SOURCE MATERIAL START

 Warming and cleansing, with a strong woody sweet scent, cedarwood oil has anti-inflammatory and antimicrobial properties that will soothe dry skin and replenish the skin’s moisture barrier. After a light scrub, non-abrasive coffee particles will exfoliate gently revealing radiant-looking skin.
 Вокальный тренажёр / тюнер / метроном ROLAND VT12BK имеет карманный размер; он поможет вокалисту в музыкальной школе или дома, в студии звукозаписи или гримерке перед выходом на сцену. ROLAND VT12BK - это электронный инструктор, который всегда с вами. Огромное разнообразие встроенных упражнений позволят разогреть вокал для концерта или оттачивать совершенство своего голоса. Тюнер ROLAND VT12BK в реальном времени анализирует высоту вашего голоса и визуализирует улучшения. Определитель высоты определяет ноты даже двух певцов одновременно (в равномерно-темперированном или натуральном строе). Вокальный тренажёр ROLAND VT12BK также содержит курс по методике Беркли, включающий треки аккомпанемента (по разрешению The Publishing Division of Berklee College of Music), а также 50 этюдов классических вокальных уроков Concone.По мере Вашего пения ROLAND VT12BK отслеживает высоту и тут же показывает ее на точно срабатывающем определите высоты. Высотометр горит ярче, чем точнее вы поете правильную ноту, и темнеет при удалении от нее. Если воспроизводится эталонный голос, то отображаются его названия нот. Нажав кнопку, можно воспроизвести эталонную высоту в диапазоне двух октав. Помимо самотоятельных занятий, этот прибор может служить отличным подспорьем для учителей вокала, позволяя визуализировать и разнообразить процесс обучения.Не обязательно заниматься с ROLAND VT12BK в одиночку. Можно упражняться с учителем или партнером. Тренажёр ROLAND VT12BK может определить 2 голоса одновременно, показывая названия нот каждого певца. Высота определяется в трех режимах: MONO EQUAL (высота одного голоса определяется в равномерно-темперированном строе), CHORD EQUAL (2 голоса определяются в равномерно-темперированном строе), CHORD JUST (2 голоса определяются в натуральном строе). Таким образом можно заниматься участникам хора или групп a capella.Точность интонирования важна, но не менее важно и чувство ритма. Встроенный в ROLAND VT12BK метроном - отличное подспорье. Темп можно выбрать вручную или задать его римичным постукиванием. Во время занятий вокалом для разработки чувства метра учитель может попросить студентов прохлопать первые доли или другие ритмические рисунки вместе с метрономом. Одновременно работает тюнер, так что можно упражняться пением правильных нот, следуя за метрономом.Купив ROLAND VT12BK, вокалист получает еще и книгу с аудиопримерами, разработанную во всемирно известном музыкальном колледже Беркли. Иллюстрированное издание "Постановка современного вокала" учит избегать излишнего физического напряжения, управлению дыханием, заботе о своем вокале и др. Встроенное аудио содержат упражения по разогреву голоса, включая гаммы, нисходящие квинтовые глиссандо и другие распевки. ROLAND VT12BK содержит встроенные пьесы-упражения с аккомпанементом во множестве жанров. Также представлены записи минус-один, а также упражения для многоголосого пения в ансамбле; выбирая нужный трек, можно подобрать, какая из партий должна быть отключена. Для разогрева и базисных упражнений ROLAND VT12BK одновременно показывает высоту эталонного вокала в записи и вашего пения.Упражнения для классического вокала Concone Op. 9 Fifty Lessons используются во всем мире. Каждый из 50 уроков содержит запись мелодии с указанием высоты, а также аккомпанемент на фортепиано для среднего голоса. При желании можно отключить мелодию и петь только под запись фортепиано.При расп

SOURCE MATERIAL END
SOURCE MATERIAL START

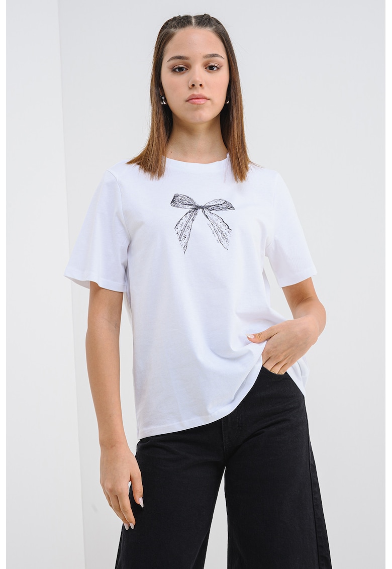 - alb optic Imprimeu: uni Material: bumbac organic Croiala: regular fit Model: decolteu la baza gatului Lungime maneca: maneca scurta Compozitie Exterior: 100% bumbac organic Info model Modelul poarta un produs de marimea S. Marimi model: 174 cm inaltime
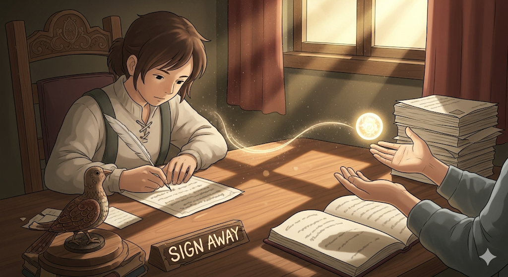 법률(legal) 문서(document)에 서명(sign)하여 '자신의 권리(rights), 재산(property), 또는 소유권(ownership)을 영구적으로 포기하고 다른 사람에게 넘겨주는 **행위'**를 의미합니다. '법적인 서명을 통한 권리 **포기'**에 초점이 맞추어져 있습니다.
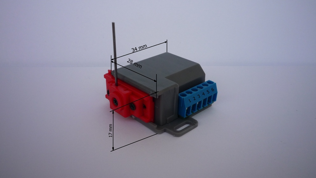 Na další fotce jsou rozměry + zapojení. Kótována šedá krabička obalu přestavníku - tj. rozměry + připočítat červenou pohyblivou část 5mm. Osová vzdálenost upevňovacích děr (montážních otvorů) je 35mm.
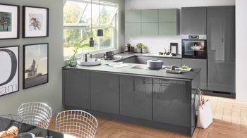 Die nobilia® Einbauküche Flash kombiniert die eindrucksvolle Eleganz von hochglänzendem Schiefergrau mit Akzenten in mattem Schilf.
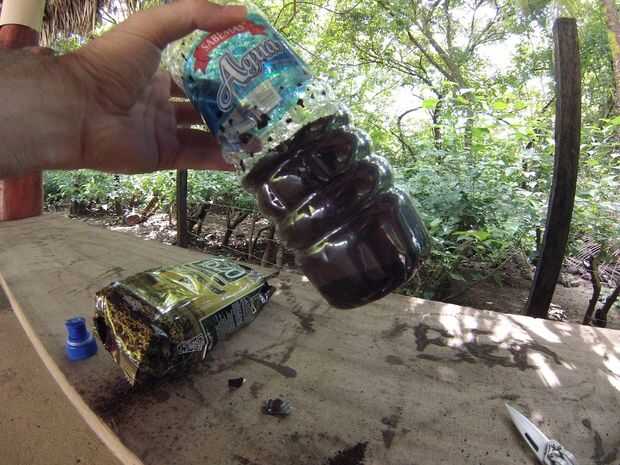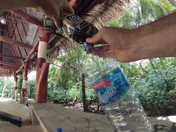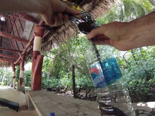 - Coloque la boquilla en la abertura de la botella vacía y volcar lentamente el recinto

SOURCE MATERIAL END

- _EXERCISE PROMPT_:
Go to the line above that contains "- alb optic" and reproduce everything exactly from there through the line that contains "- Coloque la", leaving out the pictures.

- _EXPECTED OUTPUT_:
 - alb optic Imprimeu: uni Material: bumbac organic Croiala: regular fit Model: decolteu la baza gatului Lungime maneca: maneca scurta Compozitie Exterior: 100% bumbac organic Info model Modelul poarta un produs de marimea S. Marimi model: 174 cm inaltime
 법률(legal) 문서(document)에 서명(sign)하여 '자신의 권리(rights), 재산(property), 또는 소유권(ownership)을 영구적으로 포기하고 다른 사람에게 넘겨주는 **행위'**를 의미합니다. '법적인 서명을 통한 권리 **포기'**에 초점이 맞추어져 있습니다.
 Na další fotce jsou rozměry + zapojení. Kótována šedá krabička obalu přestavníku - tj. rozměry + připočítat červenou pohyblivou část 5mm. Osová vzdálenost upevňovacích děr (montážních otvorů) je 35mm.
 Die nobilia® Einbauküche Flash kombiniert die eindrucksvolle Eleganz von hochglänzendem Schiefergrau mit Akzenten in mattem Schilf.
 - Coloque la boquilla en la abertura de la botella vacía y volcar lentamente el recinto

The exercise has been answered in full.